After I run a command with DRI_PRIME=1, I get a brief moment of DynPwr, and then it’s back to DynOff. If radeon.runpm is set to 0, DIS always has status Pwr, but the errors persists, and it’s never the active GPU.

I actually do have Xorg log in ~/.local/share/xorg, but it hasn’t been updated recently, I suspect that it’s a leftover from some older distro I had installed. Logs in /var/log are more or less current (Xorg in particular seems not to be flushing as often).

Hi
So if you set to amdgpu only with SI support (Since it’s a GCN 1.0 card);


radeon.si_support=0 amdgpu.si_support=1 exp_hw_support=1 amdgpu.dc=0 amdgpu.dpm=0

Also try without exp_hw_support and also with amdgpu.dc=1

If you also start the switheroo service, does the output change?


systemctl start switcheroo-control.service
systemctl status switcheroo-control.service

I’ve tried without amdgpu.dc, with it set to 1 and with it set to 0, and with and without exp_hw_support to no avail. I keep hitting the same wall. Starting the switcheroo service didn’t help – all the outputs are the same.

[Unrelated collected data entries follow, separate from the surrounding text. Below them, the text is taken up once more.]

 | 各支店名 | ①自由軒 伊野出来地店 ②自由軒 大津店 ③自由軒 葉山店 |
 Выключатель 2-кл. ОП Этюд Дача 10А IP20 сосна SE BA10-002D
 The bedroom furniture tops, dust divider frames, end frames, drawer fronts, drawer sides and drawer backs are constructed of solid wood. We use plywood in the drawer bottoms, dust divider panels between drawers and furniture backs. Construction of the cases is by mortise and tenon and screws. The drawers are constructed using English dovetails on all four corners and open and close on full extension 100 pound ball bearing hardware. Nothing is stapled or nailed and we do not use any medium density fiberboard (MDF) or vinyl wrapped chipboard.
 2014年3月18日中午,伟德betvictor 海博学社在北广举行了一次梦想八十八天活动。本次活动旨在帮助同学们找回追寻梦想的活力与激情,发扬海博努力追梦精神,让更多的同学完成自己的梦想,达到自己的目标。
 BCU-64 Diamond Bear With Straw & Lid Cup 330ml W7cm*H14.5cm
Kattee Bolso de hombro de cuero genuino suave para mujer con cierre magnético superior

I do have multiple distros with various (older) kernel versions laying around, so I’ll try finding out if some of them works tomorrow.

Hi
You might have to stick with radeon :frowning: and try radeon.dpm=0.

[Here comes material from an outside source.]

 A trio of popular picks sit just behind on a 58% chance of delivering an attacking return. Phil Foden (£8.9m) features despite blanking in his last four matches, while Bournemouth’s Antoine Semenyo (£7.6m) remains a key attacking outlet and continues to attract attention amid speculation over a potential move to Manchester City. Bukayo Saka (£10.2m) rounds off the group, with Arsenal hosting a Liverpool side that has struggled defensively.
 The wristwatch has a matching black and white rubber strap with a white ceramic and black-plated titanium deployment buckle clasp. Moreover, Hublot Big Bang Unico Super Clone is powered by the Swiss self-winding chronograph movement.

I don’t mind either radeon or amdgpu, as long as it works, which so far hasn’t been the case. None of the power management options (including .dpm) don’t seem to be having any effect. Curiously enough, glxinfo works on amdgpu (i.e. DRI_PRIME=1 glxinfo runs successfully, unlike e.g. glxgears which segfaults and rstudio which doesn’t render), but not on radeon.

Hi
So you at the latest kernel now, 4.19.7 (there were a few amdgpu fixes)? Your sure it’s running Xorg and not Wayland (cat $XDG_SESSION_TYPE)?

It might be time to look at a bug report…

I’m running latest kernel (updated last night), and echo $XDG_SESSION_TYPE prints x11, so all assumptions check out. I’ll spend some time digging around to see if I might have missed something and experimenting some more, and if nothing works I’ll file a report. Thank you anyway!